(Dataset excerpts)
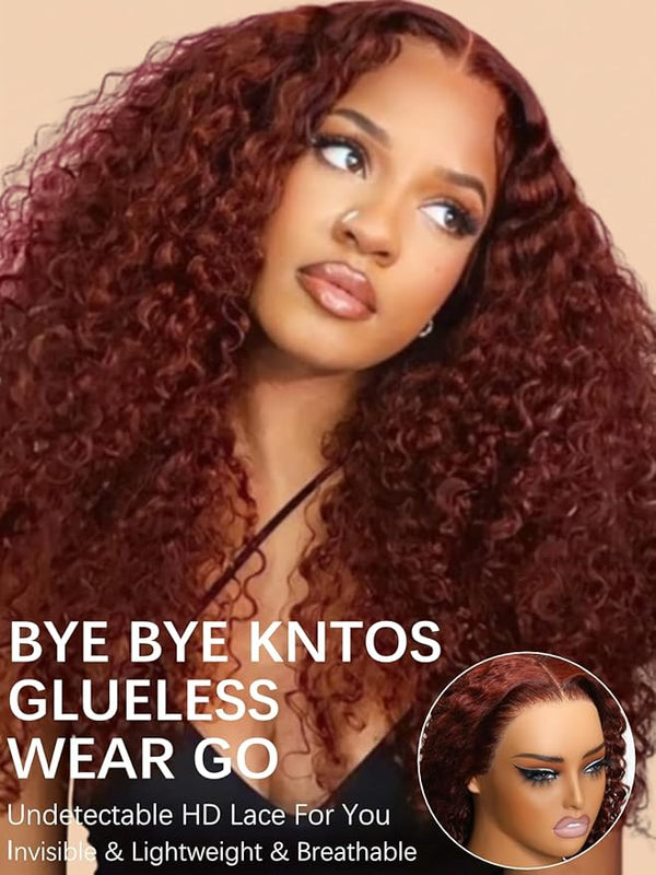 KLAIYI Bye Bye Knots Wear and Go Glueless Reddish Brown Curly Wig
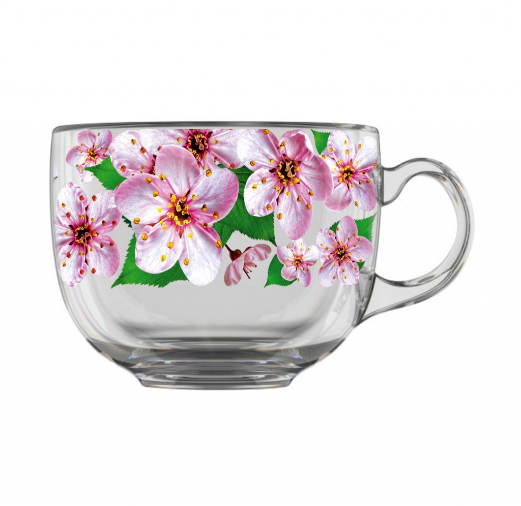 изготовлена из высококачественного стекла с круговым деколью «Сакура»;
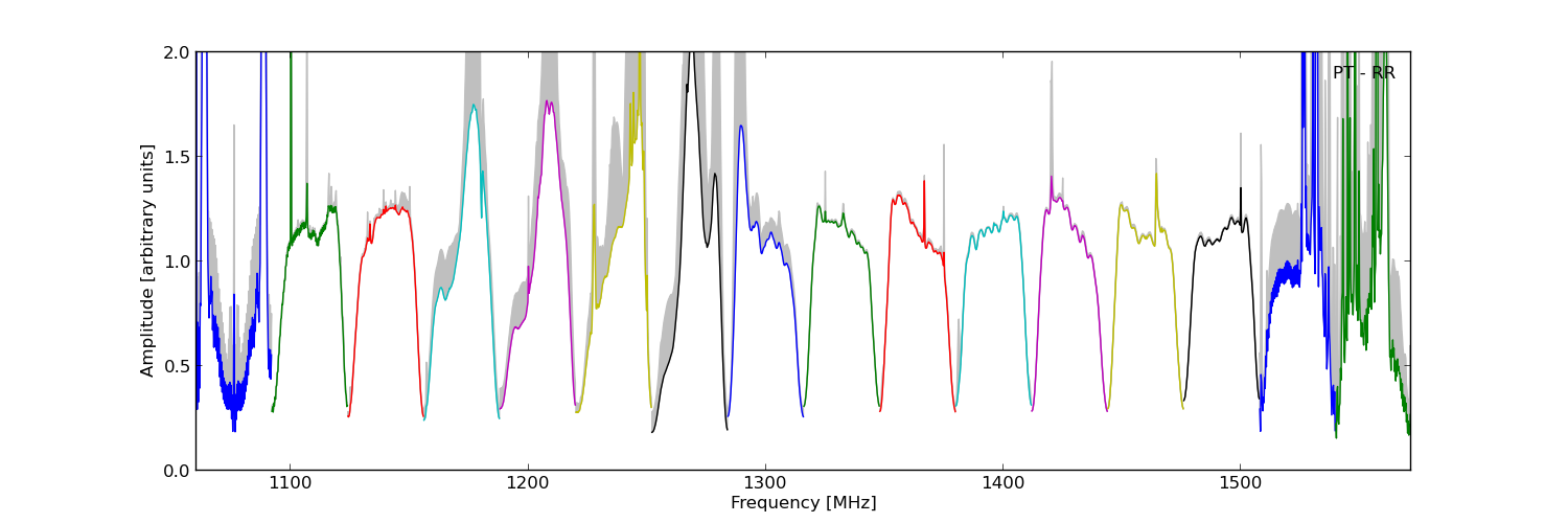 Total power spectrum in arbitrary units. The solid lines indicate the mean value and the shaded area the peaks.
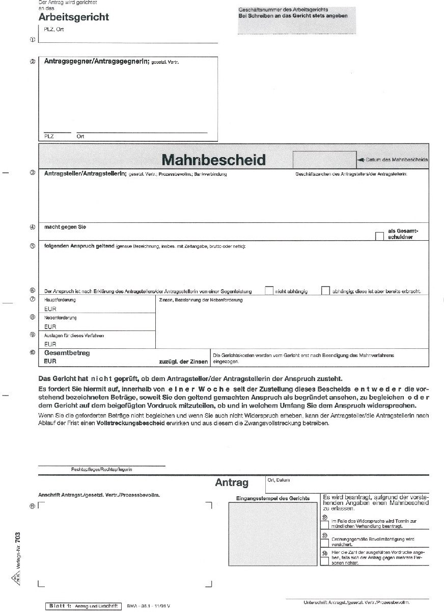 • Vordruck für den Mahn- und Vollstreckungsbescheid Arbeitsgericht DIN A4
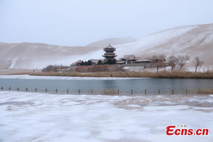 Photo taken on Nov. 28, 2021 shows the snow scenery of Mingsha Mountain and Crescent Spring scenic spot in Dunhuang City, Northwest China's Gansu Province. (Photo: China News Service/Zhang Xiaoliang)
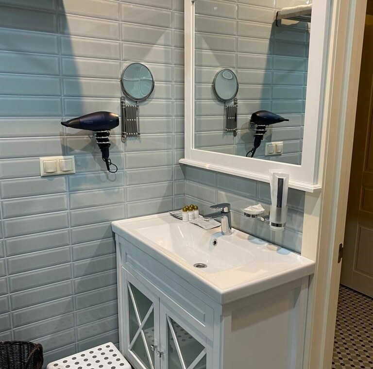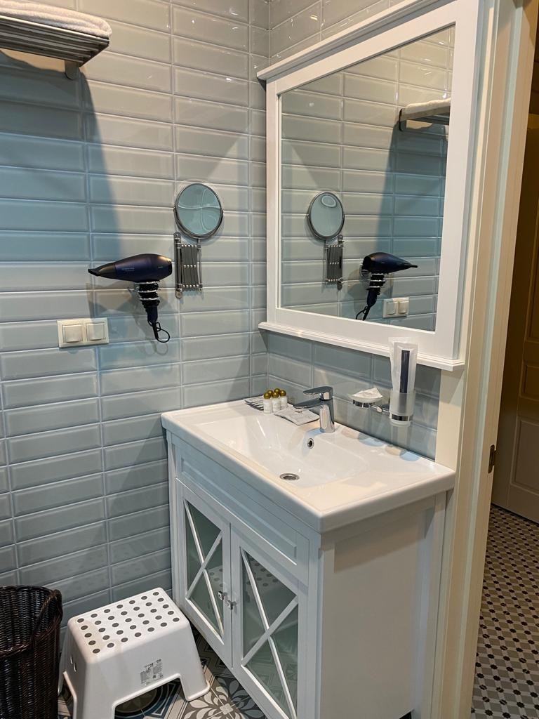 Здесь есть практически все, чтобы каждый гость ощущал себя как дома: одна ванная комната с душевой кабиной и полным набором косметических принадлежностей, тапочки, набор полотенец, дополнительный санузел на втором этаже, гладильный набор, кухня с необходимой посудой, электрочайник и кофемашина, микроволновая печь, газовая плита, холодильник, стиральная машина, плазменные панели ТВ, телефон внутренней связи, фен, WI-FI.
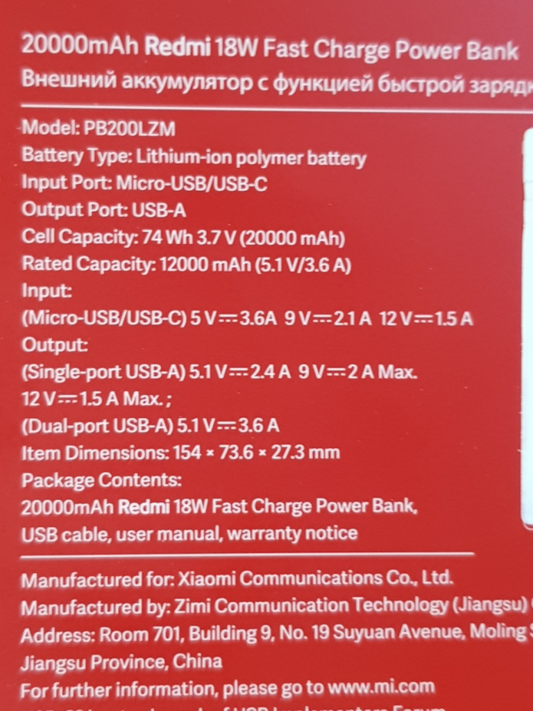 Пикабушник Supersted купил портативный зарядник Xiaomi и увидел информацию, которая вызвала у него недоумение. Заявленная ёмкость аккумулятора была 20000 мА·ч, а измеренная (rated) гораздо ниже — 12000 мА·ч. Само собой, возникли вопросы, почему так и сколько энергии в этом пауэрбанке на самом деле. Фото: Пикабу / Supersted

- **What the task requires**
Without including any pictures, print each record exactly.

- **Output for this exercise**
 KLAIYI Bye Bye Knots Wear and Go Glueless Reddish Brown Curly Wig
 изготовлена из высококачественного стекла с круговым деколью «Сакура»;
 Total power spectrum in arbitrary units. The solid lines indicate the mean value and the shaded area the peaks.
 • Vordruck für den Mahn- und Vollstreckungsbescheid Arbeitsgericht DIN A4
 Photo taken on Nov. 28, 2021 shows the snow scenery of Mingsha Mountain and Crescent Spring scenic spot in Dunhuang City, Northwest China's Gansu Province. (Photo: China News Service/Zhang Xiaoliang)
 Здесь есть практически все, чтобы каждый гость ощущал себя как дома: одна ванная комната с душевой кабиной и полным набором косметических принадлежностей, тапочки, набор полотенец, дополнительный санузел на втором этаже, гладильный набор, кухня с необходимой посудой, электрочайник и кофемашина, микроволновая печь, газовая плита, холодильник, стиральная машина, плазменные панели ТВ, телефон внутренней связи, фен, WI-FI.
 Пикабушник Supersted купил портативный зарядник Xiaomi и увидел информацию, которая вызвала у него недоумение. Заявленная ёмкость аккумулятора была 20000 мА·ч, а измеренная (rated) гораздо ниже — 12000 мА·ч. Само собой, возникли вопросы, почему так и сколько энергии в этом пауэрбанке на самом деле. Фото: Пикабу / Supersted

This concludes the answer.